Almost eight months ago, at Chicago Comic & Entertainment Expo, Mark Waid unveiled his grand experiment in digital comics, Thrillbent.

A veteran writer for DC Comic and Marvel, Waid is the creator of the alt-superhero series Incorruptible and Irredeemable, former editor-in-chief and chief creative officer of BOOM! Studios, and the winner of three Eisner Awards this year for his work on Daredevil. In other words, he knows his comics. But with Thrillbent, Waid struck out into the unknown, creating a digital-comics site and using it to host his newest comic Insufferable.

The end of the year seemed like a good time to touch base and see what Waid has learned so far and what he plans to do next with Thrillbent.

Robot 6: What has been the hardest part of all this so far?

Mark Waid: Besides working for free on my own end of it, the hardest part by far has been making the jump from print to digital in terms of story construction. When I started out with this idea over a year ago, I still had in the back of my head that we would be doing print comics out of digital comics fairly easily. I wanted to do comics in a 4/3 ratio so we could stack one on another and make a comics page. Trying not to do in digital what I can't do in print was such a bad mistake. If you're going to do it, do it right, go all in, is what I learned. That was a hard leap to make, but once I made it, it was very liberating. It made me a lot less cautious, and it narrowed my focus so I no longer had to feel that I was serving both masters, print and digital. Then being able to use different techniques like rack focus, repeating panels, pop-up dialogue, that you can't do in print becomes a reality, and it made us all the more adventuresome—I don't mean just me, I mean my collaborators. I made the mandate fairly early on: Don't worry about print; we'll figure it out later.

What storytelling techniques are you finding work well in digital?

The ones that work extremely well are the ways you can play with timing, the way you can play with the pace of storytelling.

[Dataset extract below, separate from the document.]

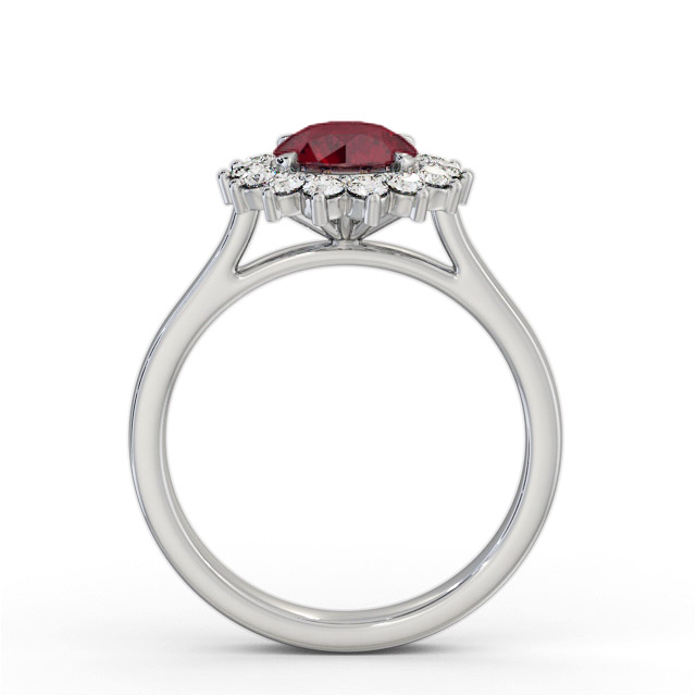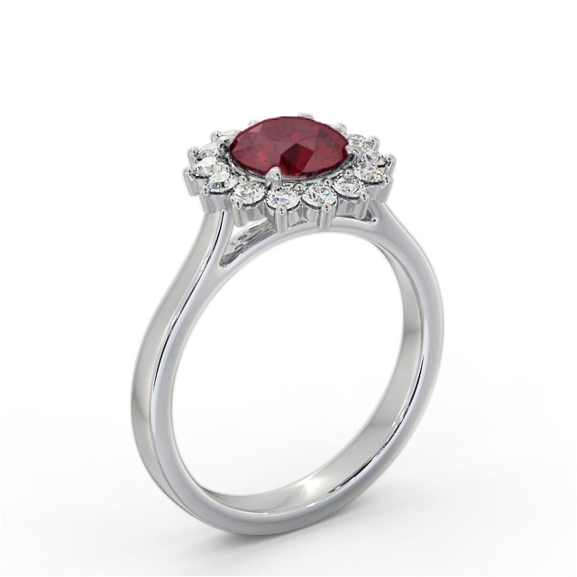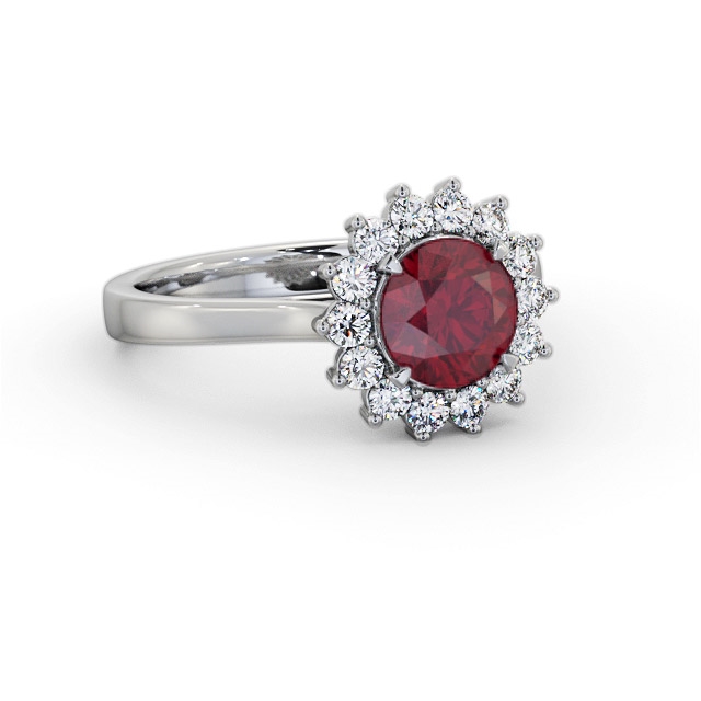 Jumana Cluster ruby and diamond 1.80ct ring in 18K White Gold. A solitary 1.40ct round shaped ruby is encircled by a cluster of small round shaped diamonds totaling 0.40ct in this regal and lovely design ring. This ring is available in a variety of metal types and your choice of natural or lab grown gems. We provide a free design service for any special modifications that you may require.
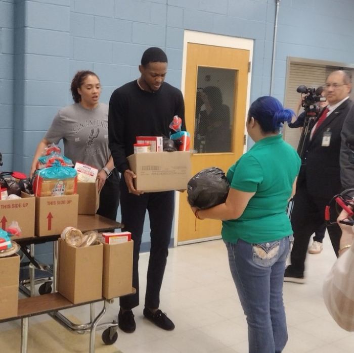 直播吧11月21日讯 据马刺记者Jeff Garcia报道,马刺后卫福克斯近日参加了社区活动,给南圣安东尼奥的居民提供食物篮子。

I continue to maintain that our bellwether philosophy is the reader must stay in control of the pace at which he "turns the pages," because that's what makes comics. Otherwise, it's just a passive viewing experience and cheap animation. That said, you can still play with the pacing of comics.



The most influential print comic to me when it comes to digital, and one that I send out to all the people who want to do something with Thrillbent, is a 1952 EC comic, Bernie Krigstein's "Master Race," from Impact Comics #1. Bernie Krigstein would have been a brilliant digital comic artist if he was alive today. In that story Krigstein does interesting things with panel repetition or thinly slicing certain panels so you get a strobe effect as a subway car races by, or he slows down a moment of action, of someone falling on the subway tracks, by carving it into six or seven tiny vertical panels, and that's as much an inspiration for what we are doing as anything. I still think that's comics, yet within the confines of comics he is still using panel sizes and shapes and that dictates the speed at which the story passes before my eyes. With digital we can do that every time.

In one of the recent Insufferable installments, I wanted a beat between a character's lines. I wanted him to say something and then us as a reader to hold our breath and pause to see what he says next. So what we did was take the same panel and repeat it four times across the page. The first time you swipe the page you get the one panel, silent. On second swipe you get same panel duplicated, then on the third time, if I'm doing my job right, you are holding your breath, and on the fourth swipe he actually says something.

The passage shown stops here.